Costa Rica enfrenta una transformación demográfica que marcará las próximas décadas. La Cámara Costarricense de la Salud hizo un llamado a convertir el envejecimiento en Costa Rica en una prioridad nacional y a impulsar políticas que permitan responder al aumento de la población adulta mayor, fortalecer el sistema de salud y aprovechar las oportunidades que surgen con una sociedad más longeva.

Cada vez hay más personas adultas mayores

Las cifras del Instituto Nacional de Estadística y Censos (INEC) reflejan la rapidez con la que avanza este cambio.

En 2005, las personas de 65 años o más representaban apenas el 6% de la población. Para 2025, esa proporción alcanzó el 11,7%, equivalente a cerca de 600.000 personas.

Las proyecciones nacionales indican que para 2050, casi uno de cada cuatro costarricenses (24,9%) pertenecerá a este grupo de edad.
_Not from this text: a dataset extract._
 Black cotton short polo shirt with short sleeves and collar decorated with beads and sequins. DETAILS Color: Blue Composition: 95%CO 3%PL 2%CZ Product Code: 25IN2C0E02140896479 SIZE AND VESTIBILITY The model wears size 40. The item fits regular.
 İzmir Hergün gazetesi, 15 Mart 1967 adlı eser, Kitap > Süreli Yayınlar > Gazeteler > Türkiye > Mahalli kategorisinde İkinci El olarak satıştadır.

Este comportamiento está relacionado con la disminución sostenida de la natalidad. Actualmente, Costa Rica registra una tasa cercana a 1,2 hijos por mujer, muy por debajo del nivel de reemplazo generacional, lo que acelera el proceso de envejecimiento de la población.
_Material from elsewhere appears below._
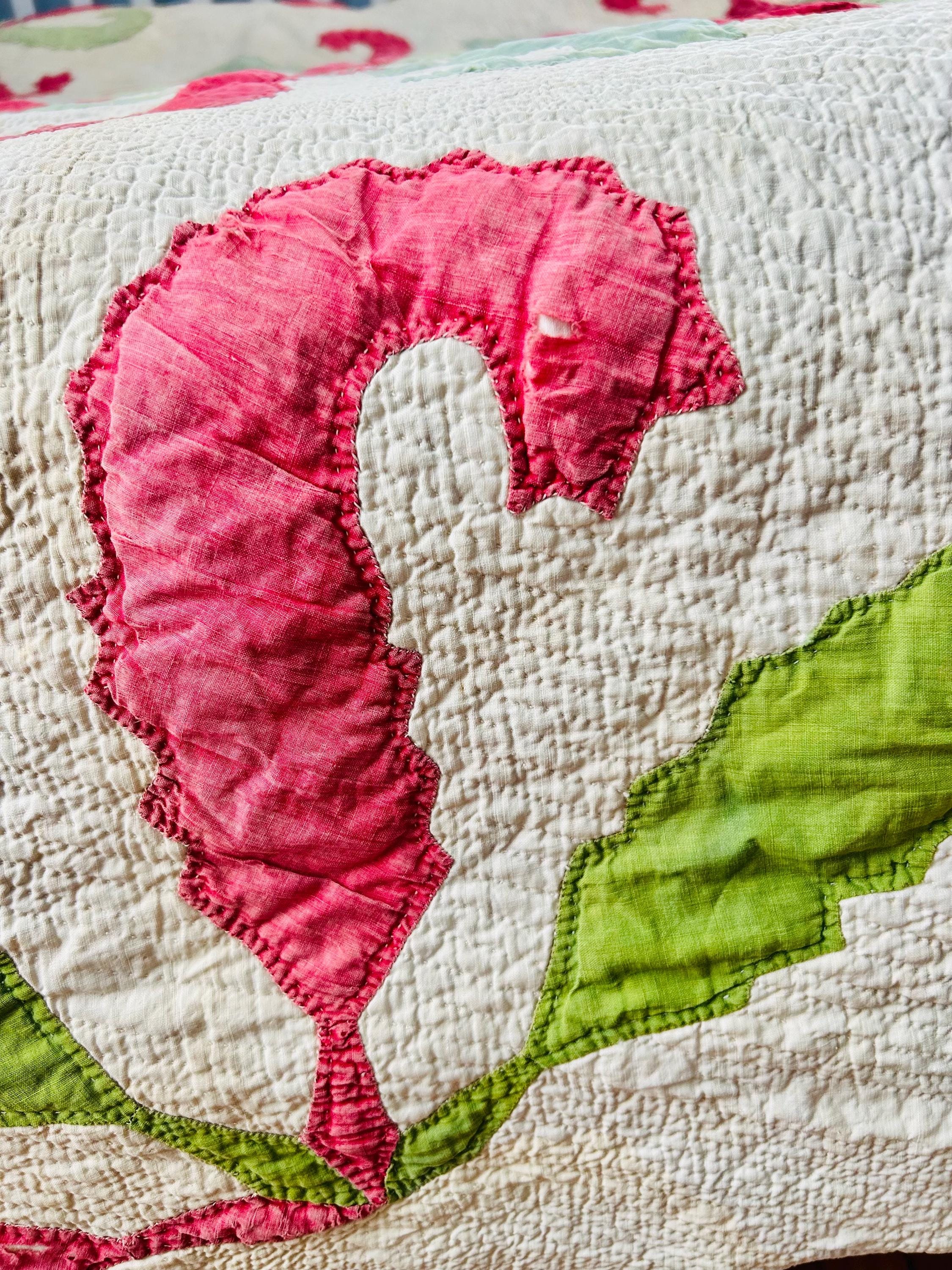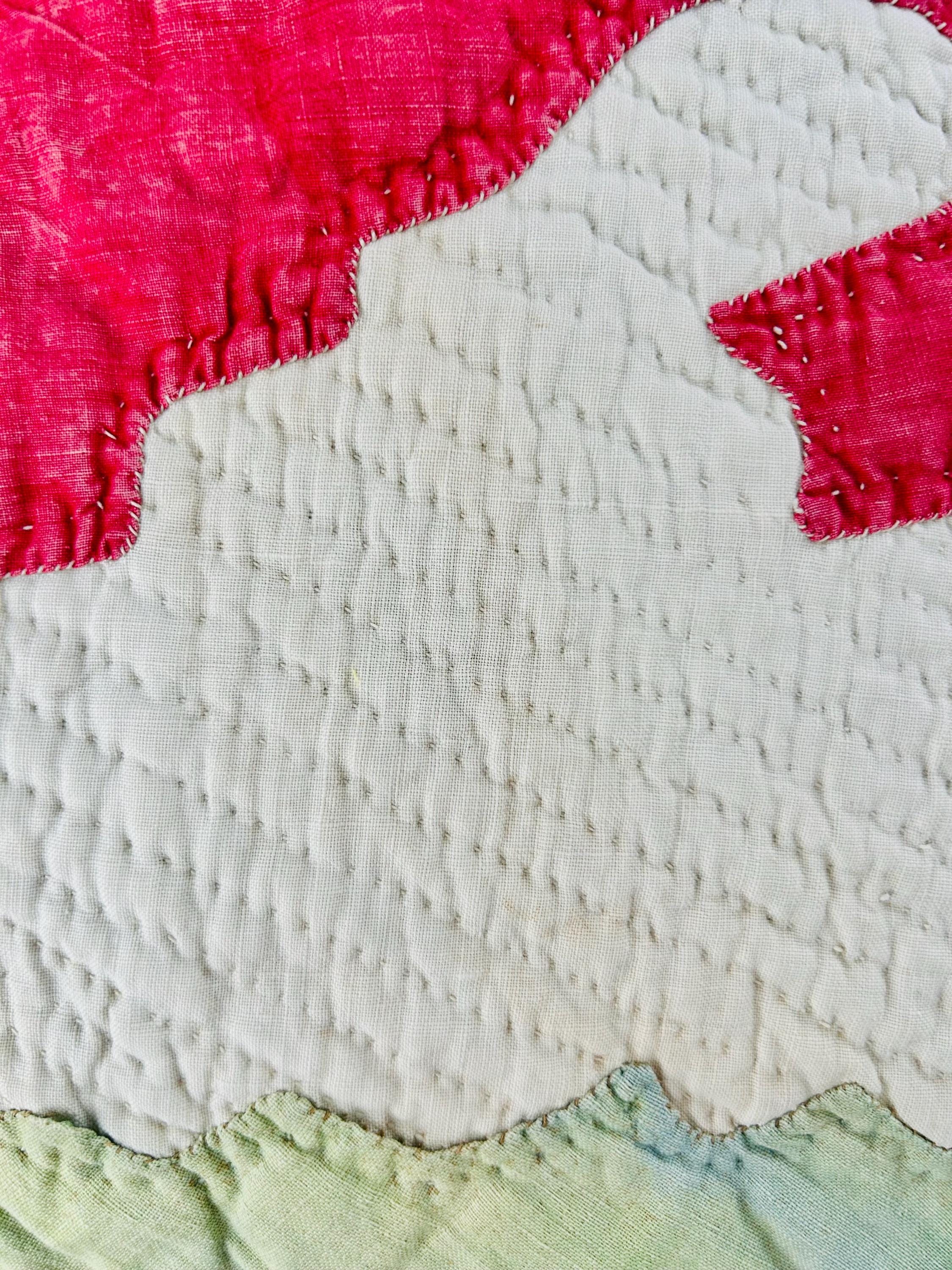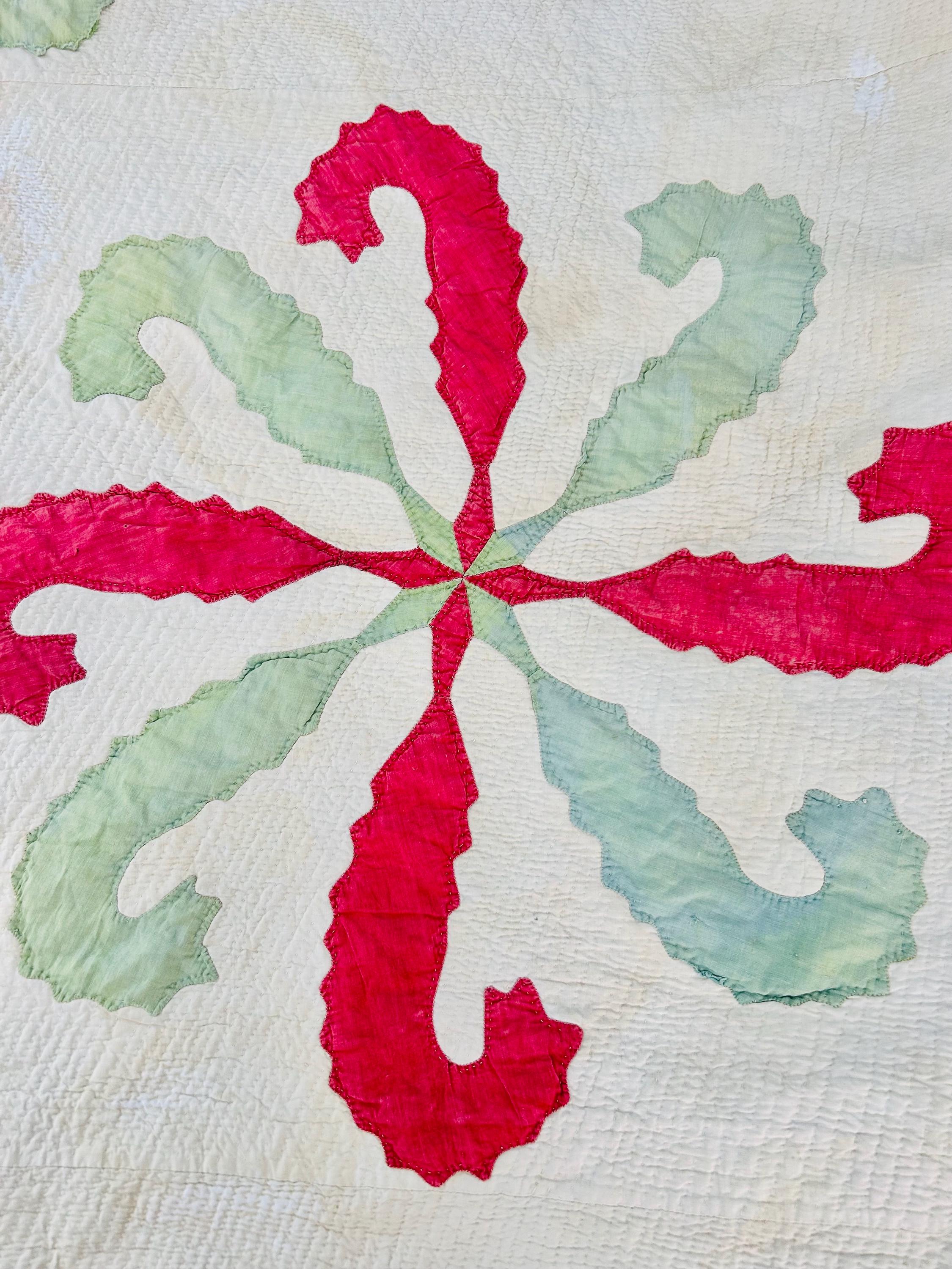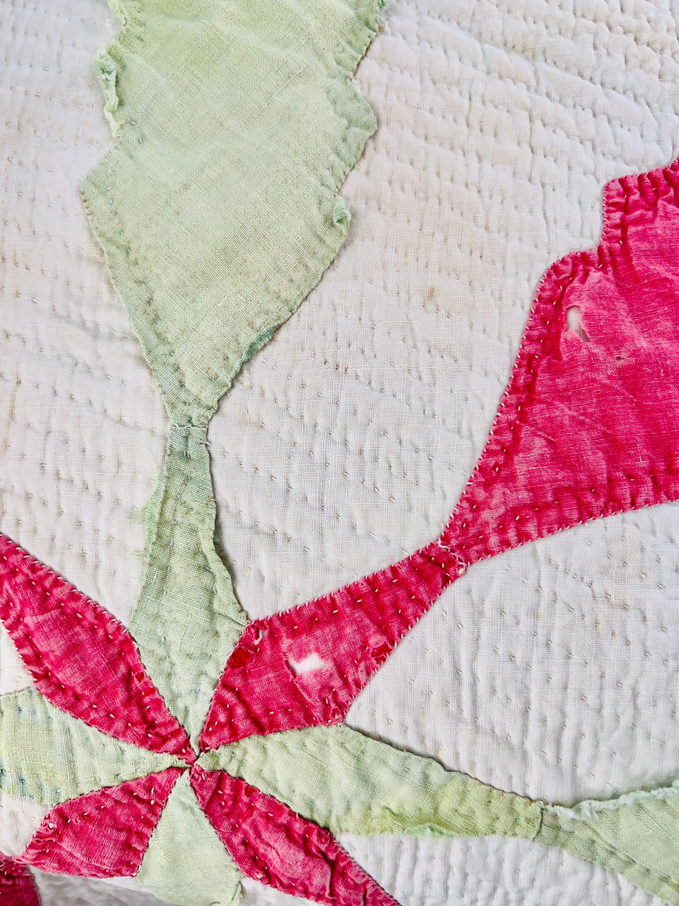 Unfortunately, the quilt has endured some harsh storage conditions and has some tears along the outer edge (see photos), age-related toning, some minor fabric loss in the appliqued feathers and a frayed binding (see photos). • Fabric Loss: There is "shattering" (wear/holes) in the red applique plumes and some green sections, likely due to the mineral content of the original 19th-century dyes. • Staining: While clean, some persistent "ghost" and age spots remain from its time in storage. • Integrity: The stipple quilting has kept the batting and layers remarkably intact. The binding shows wear consistent with age.

Un reto para el sistema de salud

La Cámara Costarricense de la Salud considera que este cambio exige una planificación integral que vaya más allá de la atención hospitalaria.

El director ejecutivo de la organización, Massimo Manzi, señaló que el desafío consiste en garantizar que las personas no solo vivan más años, sino que lo hagan con salud, autonomía y calidad de vida.

«Costa Rica tiene el privilegio de ser un país donde las personas viven más años. Ahora el desafío consiste en garantizar que esos años adicionales se vivan con salud, autonomía y calidad de vida. Prepararnos desde hoy no es una opción; es una necesidad para asegurar la sostenibilidad del sistema de salud y el bienestar de toda la población».

Además, la Encuesta Nacional de Hogares (ENAHO 2025) muestra que muchos adultos mayores continúan enfrentando desigualdades relacionadas con ingresos, pobreza, acceso a pensiones, educación, género y lugar de residencia, factores que influyen directamente en su acceso a los servicios de salud.

Crecerá la demanda de atención médica

El envejecimiento también incrementará la presión sobre el sistema sanitario.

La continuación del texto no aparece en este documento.